JATIMTIMES - Forum Mahasiswa Muslim Peduli Bangsa (FMMPB) Malang Raya menggelar aksi di depan Gedung Dewan Perwakilan Rakyat Daerah (DPRD) Kota Malang. Aksi digelar untuk menolak Peraturan Menteri Pendidikan, Kebudayaan, Riset dan Teknologi (Permendikbudristek) Nomor 30 Tahun 2021 tentang Pencegahan dan Penanganan Kekerasan Seksual (PPKS).
Koordinator Lapangan (korlap) massa aksi dari FMMPB Malang Raya Khotibul Umam mengatakan, Permendikbudristek Nomor 30 Tahun 2021 yang dimaksud oleh Menteri Pendidikan, Kebudayaan, Riset dan Teknologi (Menristek) RI Nadiem Makarim tersebut sebenarnya bagus.
Baca Juga : Operasi Zebra Semeru 2021, Satlantas Polres Malang Panen Pelanggar Prokes
Namun, menurutnya dalam tatanan undang-undang terdapat aspek liberal. Khotibul pun mencontohkan pada Pasal 5 terdapat frasa ‘tanpa persetujuan korban’.
"Khawatirnya ketika ada frasa seperti itu, ketika sudah dipahami orang-orang bahwa tanpa persetujuan, kalau suka sama suka kan terjadi perzinahan seperti itu, maka itu salah satunya yang kemudian kita tolak," ungkap Kotibul kepada JatimTIMES.com, Senin (29/11/2021).
Aksi yang dihadiri oleh sekitar 30 massa aksi dengan posisi barisan massa aksi laki-laki di dekat mobil komando dengan membentangkan banner bertuliskan "Tolak! Permendikbudristek No 30 Tahun 2021, Aturan Sekuler Legalkan Seks Bebas".

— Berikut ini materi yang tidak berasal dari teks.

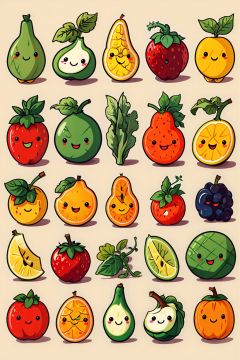 fruit,orange_\(fruit\),tomato,food,leaf,gradient,strawberry,gradient_background,bird,no_humans,fruit_on_head,apple,blueberry,grapes,mandarin_orange,food_focus,watermelon
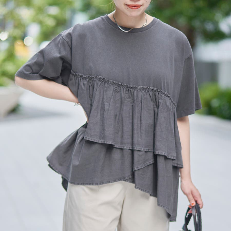 ・ピグメント加工×フリルの絶妙バランスで、甘すぎない大人可愛い仕上がり
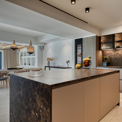 A bespoke kitchen equipped with high-end Gaggenau appliances offers the perfect space for culinary creations, whether casual family meals or formal dining experiences. With ample space and state-of-the-art features, it caters to even the most discerning chef.
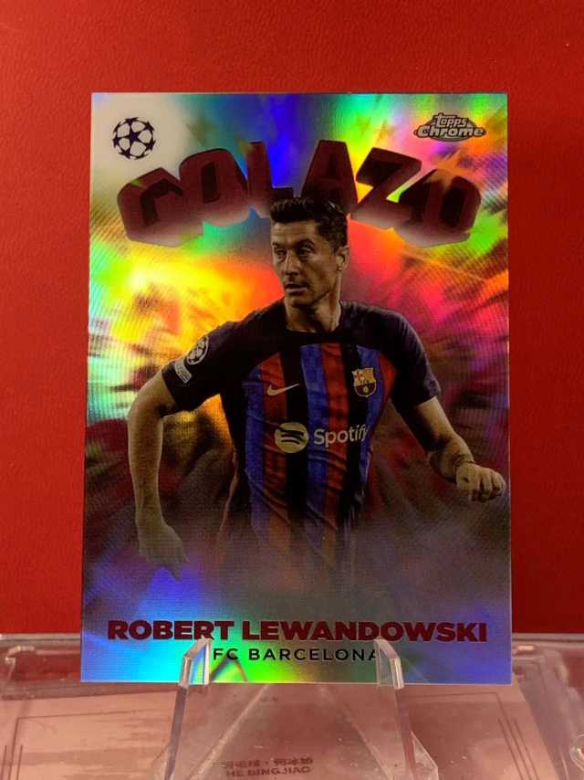 (老末精品代拍) E18 2023 Topps chrome Robert Lewandowksi 莱万多夫斯基 巴萨 欧冠TC Golazo 世界波特卡 银折 顺丰寄付 两小号可合并
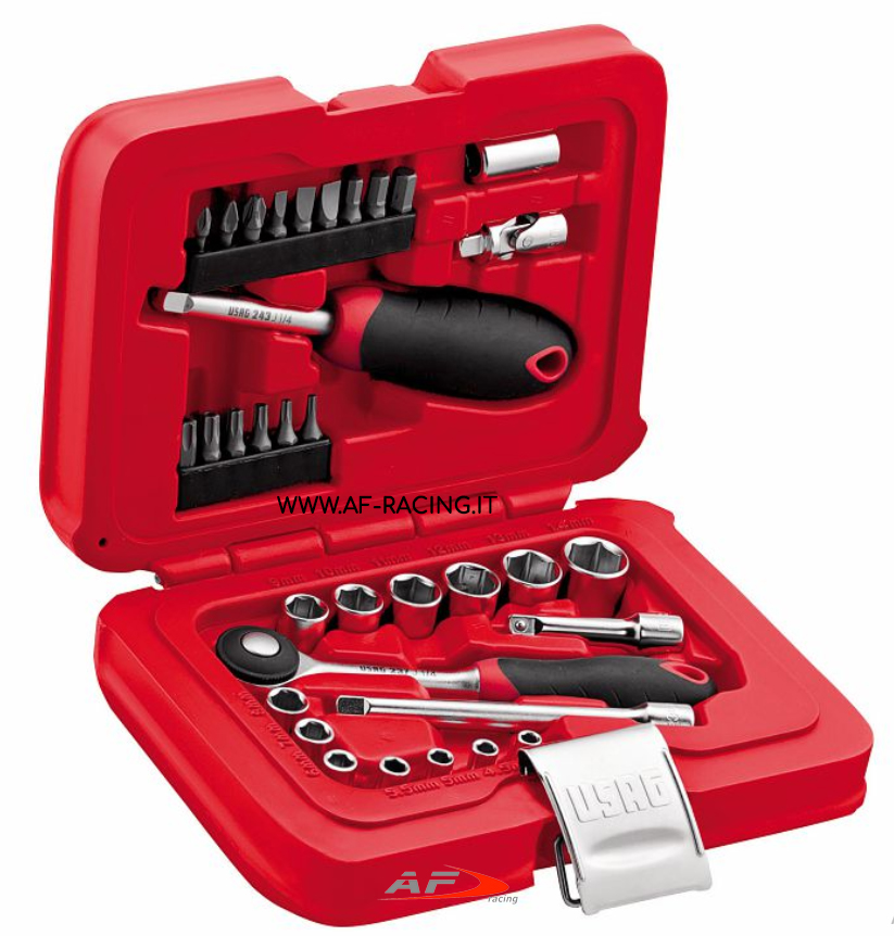 SET COMPLETO USAG IN CASSETTINA DI EMERGENZA PER AUTO 34 PEZZI CON CRICCHETTO , GIRAVITE , BUSSOLE , ESAGONALI,
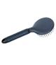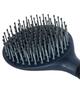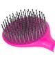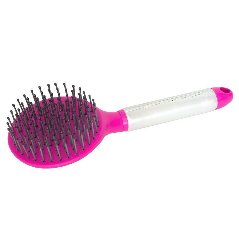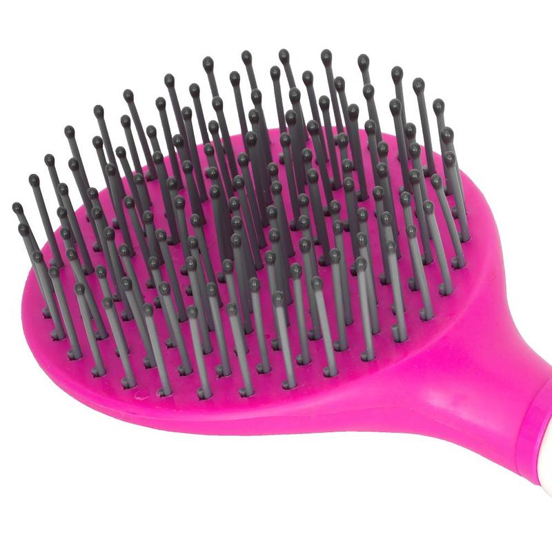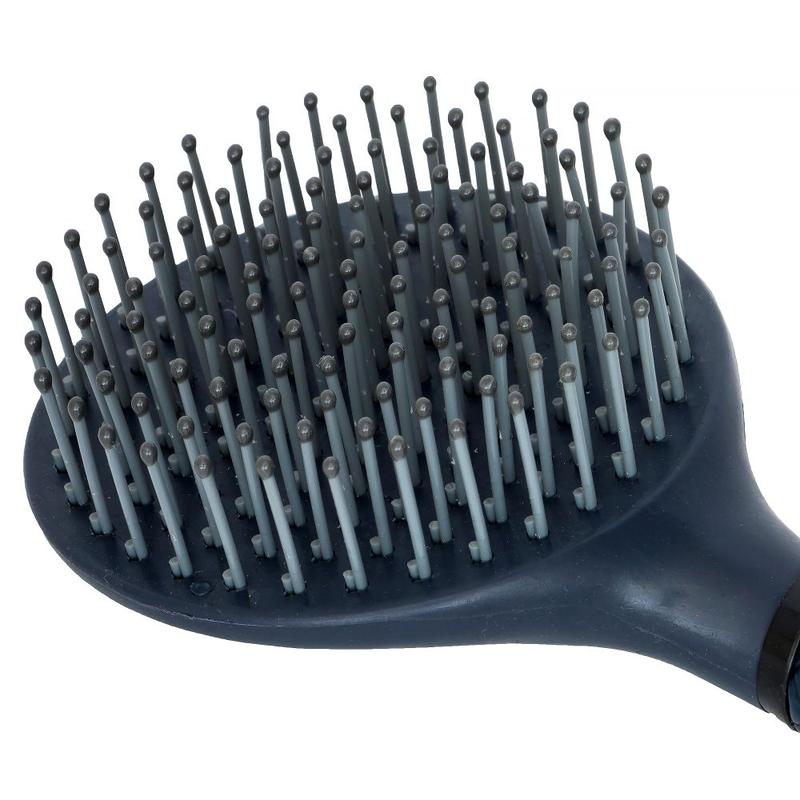 Szczotka wyposażona jest w elastyczne, zaokrąglone końcówki włosia, które delikatnie rozplątują włosy, minimalizując ryzyko ich uszkodzenia lub wyrwania. Długi uchwyt szczotki umożliwia łatwy chwyt, co jest szczególnie ważne podczas długotrwałego użytkowania, a otwór na końcu uchwytu ułatwia wygodne przechowywanie.

Sedangkan untuk massa aksi perempuan berada tepat di depan papan nama Gedung DPRD Kota Malang dengan membentangkan banner berwarna merah dengan tulisan yang sama. Lalu juga terdapat massa aksi yang membawa poster bertuliskan "Syariat Islam, Solusi Tuntas Masalah Kekerasan Seksual".
"Memang kita sebagai perwakilan mahasiswa muslim ya tetep yang kita utarakan sesuai Syariat Islam yang memang disitu bisa mempersoalkan laki-laki maupun perempuan," terang Khotibul.
Menurutnya, Permendikbudristek Nomor 30 Tahun 2021 ini harus ditinjau ulang terkait frasa-frasa yang menurut FMMPB Malang Raya masih mengambang dan tidak terperinci.
Baca Juga : Tuai Protes, Perusahaan Malaysia Bangun SPBU di Surabaya Tanpa Kula Nuwun RT dan RW
Pihaknya mengkhawatirkan, jika masih menggunakan frasa dan pengertian yang sama, nantinya untuk implementasi dari Permendikbudristek Nomor 30 Tahun 2021 bakal dimanfaatkan oleh orang-orang yang tidak bertanggungjawab dan berdampak buruk bagi masyarakat maupun mahasiswa.
Maka dari itu, pihaknya pun menolak dengan keras adanya Permendikbudristek Nomor 30 Tahun 2021 sebelum adanya revisi maupun penjelasan frasa secara terperinci dan tidak terindikasi sebagai peraturan yang sekuler.
"Jadi harus diubah, dalam artian frasa-frasa yang tadi ada harus diulas kembali. Kalau di undang-undang kan dia berkesinambungan, alasan ditolak ya kan memang berkesinambungan point satu dengan point selanjutnya," tutur Khotibul.
Sementara itu, untuk tahapan lanjutan rangkaian aksi dari FMMPB adalah audiensi. Namun pihaknya mengatakan belum bisa dilakukan saat ini. "Jadi kita sampaikan terlebih dahulu aspirasi kita, berharap undang-undang yang diterapkan itu tidak liberal," pungkas Khotibul.